En la página web de Vila-Matas se registran cincuenta y una reseñas de la novela Esta Bruma Insensata. Y todas muy buenas. Nada más los títulos, si uno los colocara en una serie, serían por demás de elocuentes. Me veo en un problema, bastante implicado en el asunto. Me tengo que esmerar y soy perezoso. Todo lo que puedo hacer es seguir con el relato inicial.
"El Escritor ha muerto. Lo hemos visto descender hacia la tumba. Es preciso que su identidad se cuestione luego, cuando lo encontramos en una calle del centro de la ciudad. Ese Escritor podría aspirar a la disolución personal. Se tendría por sincero si lograra alcanzar una nueva forma de verdad, la mejor, la suya." (Voy bien, ya oigo la voz que dice tras esto: ¡Ah, bueno!)
Trevisano se ha cansado de leer y ese cansancio le atrasa el reloj, se lo detiene en una hora determinada, como la lluvia nos retenía en el bar aquellos días. Trevisano es una presencia ausente. Sin embargo discute con fervor y le cuesta asumir que algo como la literatura sea serio. "¡Pero si justamente no nos tomamos en serio!" le digo yo. ¿Y entonces para qué sirven las teorías?

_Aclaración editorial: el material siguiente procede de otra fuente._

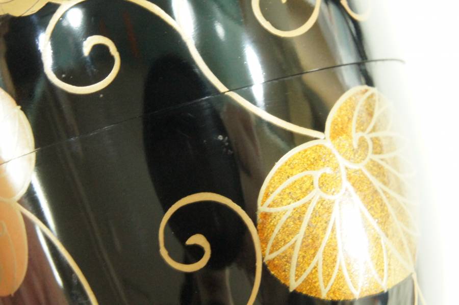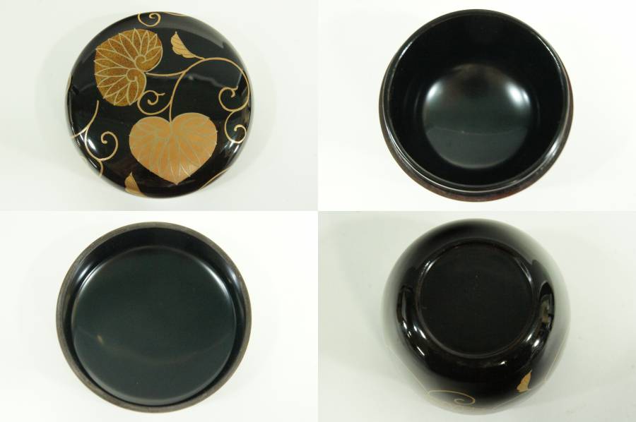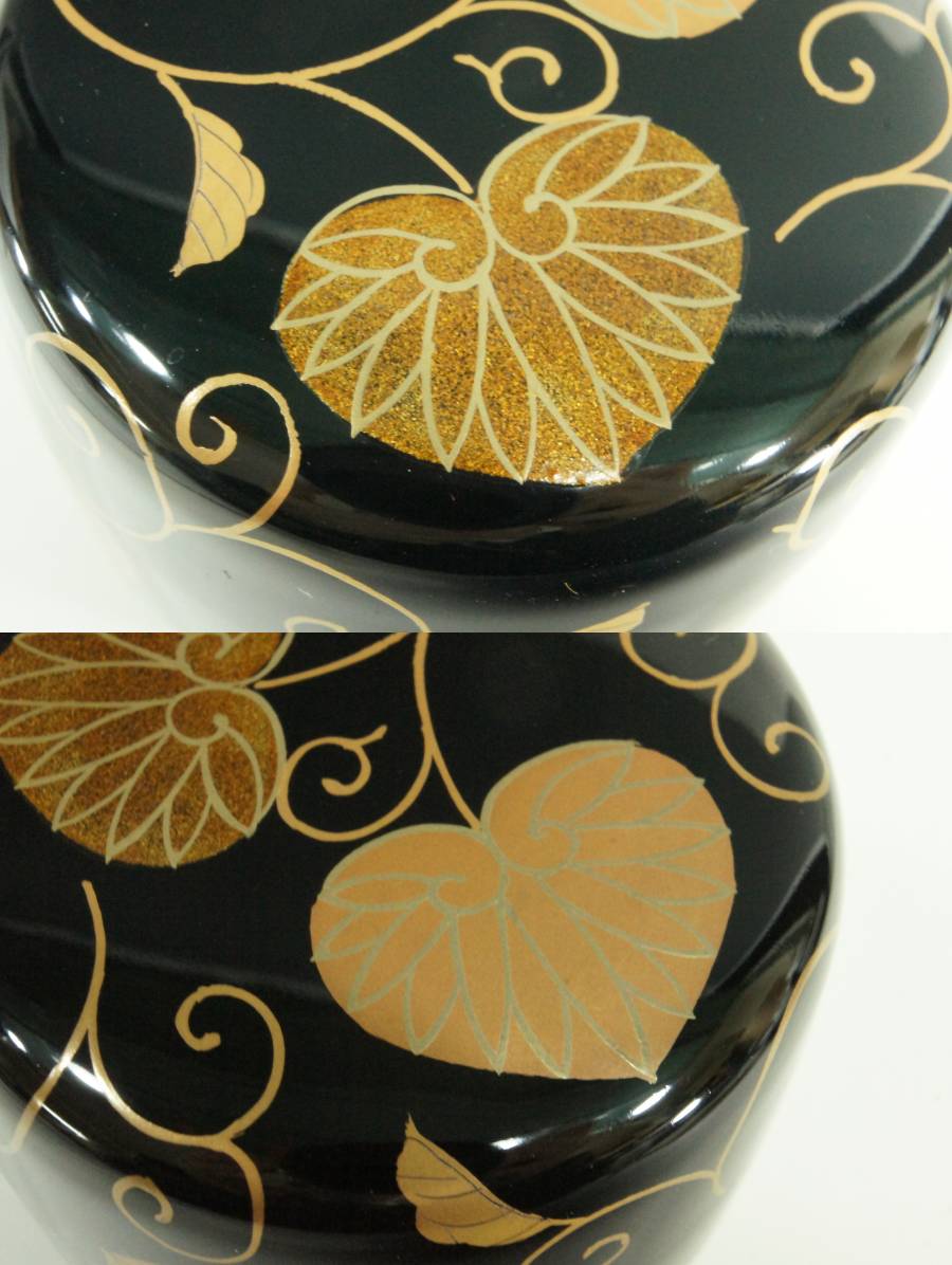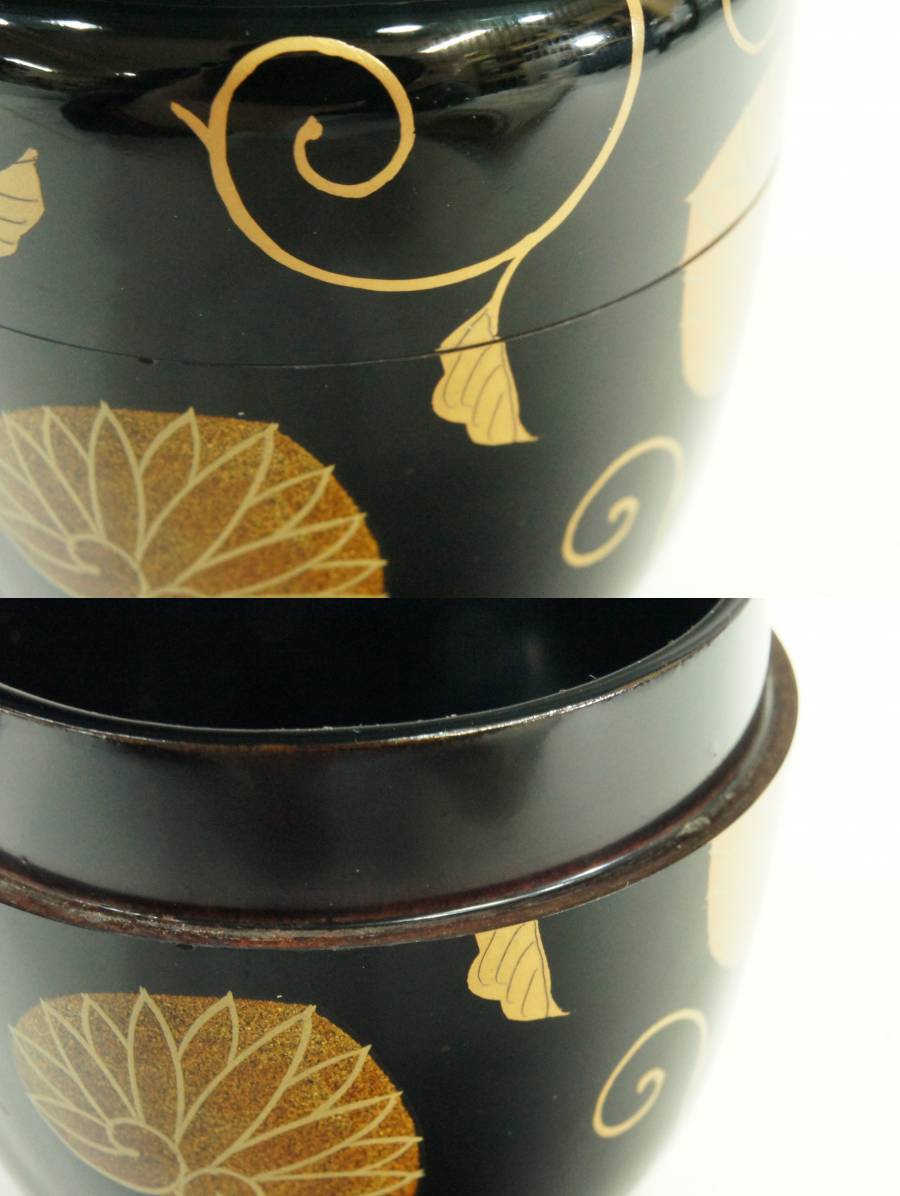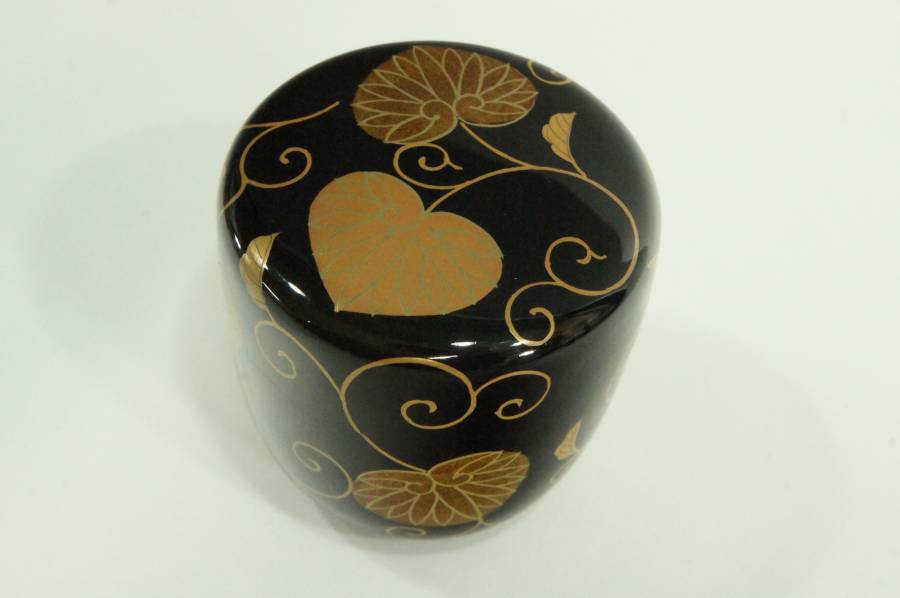 ●山中塗 多田桂寛 唐草蒔絵中棗 蔦草文 金彩 なつめ 共箱 傷や汚れ有 茶道具

Porque no me va a negar que usted sigue empeñado en defender eso que llama…" "Intertextualidad", lo interrumpí, procurando evitar las confusiones. "Como sea que le llame, lo desafío a encontrar alguna obra que no hable de otra. La literatura es lo que es en la medida que no es lenguaje común sino mero artificio."
En ese instante vi que estaba perdido. Mi interlocutor había leído a Foucault (me pareció que de él venía la cita levemente deformada) o había caído en el pesimismo más radical, el que consiste en amonestar la diferencia reclamando que todo es constitutivamente lo mismo.
Un día de esos dejó de llover. Volví a colocar los libros en la biblioteca buscando el sitio más lejano para los de ajedrez, un estante bajo, trabado por un mueble, inaccesible. Se me ocurrió que el Escritor de mi relato había regresado a la vida con el único propósito de rehacer su obra y que si pudiera interpelarlo como en Revelación Mesmérica -el cuento de Poe- no iba a confirmar gran cosa acerca de su experiencia. No se sentiría en condiciones de hacer ningún esfuerzo. Me exigiría que le preguntara mejor, que empezara por el principio. Y allí nos íbamos a quedar varados, preguntándonos como siempre, dónde está el principio.